**Your assignment**: Find the lines below that include the word "Print" and report how many there are, with no other text.

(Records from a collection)
════════════════
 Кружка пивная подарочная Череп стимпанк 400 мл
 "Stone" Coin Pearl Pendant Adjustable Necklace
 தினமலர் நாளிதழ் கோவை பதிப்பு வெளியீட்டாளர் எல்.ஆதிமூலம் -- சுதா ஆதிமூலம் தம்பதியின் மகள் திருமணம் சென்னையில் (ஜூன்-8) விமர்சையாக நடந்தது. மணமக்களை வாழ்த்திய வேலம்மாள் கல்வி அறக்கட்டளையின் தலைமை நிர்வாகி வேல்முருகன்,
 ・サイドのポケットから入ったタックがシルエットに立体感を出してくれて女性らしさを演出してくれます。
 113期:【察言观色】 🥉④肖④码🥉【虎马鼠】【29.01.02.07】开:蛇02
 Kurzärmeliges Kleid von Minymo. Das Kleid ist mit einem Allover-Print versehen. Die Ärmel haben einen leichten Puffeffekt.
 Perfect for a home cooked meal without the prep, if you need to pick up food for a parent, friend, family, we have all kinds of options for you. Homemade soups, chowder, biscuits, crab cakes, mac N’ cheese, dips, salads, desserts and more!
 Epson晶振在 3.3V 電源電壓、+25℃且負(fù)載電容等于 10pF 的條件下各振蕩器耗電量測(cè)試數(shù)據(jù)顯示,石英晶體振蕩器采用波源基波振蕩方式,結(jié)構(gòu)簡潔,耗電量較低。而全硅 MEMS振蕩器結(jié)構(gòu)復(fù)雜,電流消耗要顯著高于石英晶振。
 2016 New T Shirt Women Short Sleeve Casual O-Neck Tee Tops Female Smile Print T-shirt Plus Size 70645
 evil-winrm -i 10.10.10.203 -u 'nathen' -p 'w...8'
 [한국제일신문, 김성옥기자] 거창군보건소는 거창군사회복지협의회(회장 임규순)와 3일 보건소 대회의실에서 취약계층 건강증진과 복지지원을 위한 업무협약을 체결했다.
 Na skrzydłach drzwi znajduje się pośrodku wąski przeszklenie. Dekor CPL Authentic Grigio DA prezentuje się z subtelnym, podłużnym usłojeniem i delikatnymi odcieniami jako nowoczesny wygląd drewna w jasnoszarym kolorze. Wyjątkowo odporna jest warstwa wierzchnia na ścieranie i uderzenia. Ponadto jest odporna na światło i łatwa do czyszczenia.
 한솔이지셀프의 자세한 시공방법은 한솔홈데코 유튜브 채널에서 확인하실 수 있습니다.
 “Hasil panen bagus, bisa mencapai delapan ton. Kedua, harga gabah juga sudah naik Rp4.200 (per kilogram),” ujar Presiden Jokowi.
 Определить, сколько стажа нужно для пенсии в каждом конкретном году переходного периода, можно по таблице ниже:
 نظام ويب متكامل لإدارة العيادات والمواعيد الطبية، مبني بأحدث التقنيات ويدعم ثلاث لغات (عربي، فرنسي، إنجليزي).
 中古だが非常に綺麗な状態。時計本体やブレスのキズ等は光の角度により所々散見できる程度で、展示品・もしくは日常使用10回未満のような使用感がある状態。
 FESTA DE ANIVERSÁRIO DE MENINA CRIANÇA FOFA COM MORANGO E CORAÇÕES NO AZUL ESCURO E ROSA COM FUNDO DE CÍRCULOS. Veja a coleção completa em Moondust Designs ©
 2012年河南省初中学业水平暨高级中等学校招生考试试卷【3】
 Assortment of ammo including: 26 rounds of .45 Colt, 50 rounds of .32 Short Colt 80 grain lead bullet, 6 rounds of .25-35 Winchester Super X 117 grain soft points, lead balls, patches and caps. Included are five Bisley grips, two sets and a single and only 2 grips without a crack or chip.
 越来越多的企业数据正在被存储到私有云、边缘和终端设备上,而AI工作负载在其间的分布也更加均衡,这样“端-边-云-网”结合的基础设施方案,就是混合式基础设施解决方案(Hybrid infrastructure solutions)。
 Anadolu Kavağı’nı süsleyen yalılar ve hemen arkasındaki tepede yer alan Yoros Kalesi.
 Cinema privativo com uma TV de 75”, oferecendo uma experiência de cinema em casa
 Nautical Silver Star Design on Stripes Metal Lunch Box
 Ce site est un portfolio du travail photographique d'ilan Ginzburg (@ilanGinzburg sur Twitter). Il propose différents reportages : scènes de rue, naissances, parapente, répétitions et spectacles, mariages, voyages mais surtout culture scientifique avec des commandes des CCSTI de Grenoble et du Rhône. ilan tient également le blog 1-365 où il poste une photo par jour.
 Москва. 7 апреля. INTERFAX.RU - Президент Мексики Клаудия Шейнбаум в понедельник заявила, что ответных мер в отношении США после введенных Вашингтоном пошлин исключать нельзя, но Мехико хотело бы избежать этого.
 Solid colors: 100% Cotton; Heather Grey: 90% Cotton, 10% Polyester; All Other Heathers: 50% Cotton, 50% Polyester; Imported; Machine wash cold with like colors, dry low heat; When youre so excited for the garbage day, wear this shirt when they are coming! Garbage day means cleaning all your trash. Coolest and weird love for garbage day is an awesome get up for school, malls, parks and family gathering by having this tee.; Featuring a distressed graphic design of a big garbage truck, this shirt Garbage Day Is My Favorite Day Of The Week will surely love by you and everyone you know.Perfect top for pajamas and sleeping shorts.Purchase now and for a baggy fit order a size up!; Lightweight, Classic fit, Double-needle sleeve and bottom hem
════════════════
**Answer section**: 2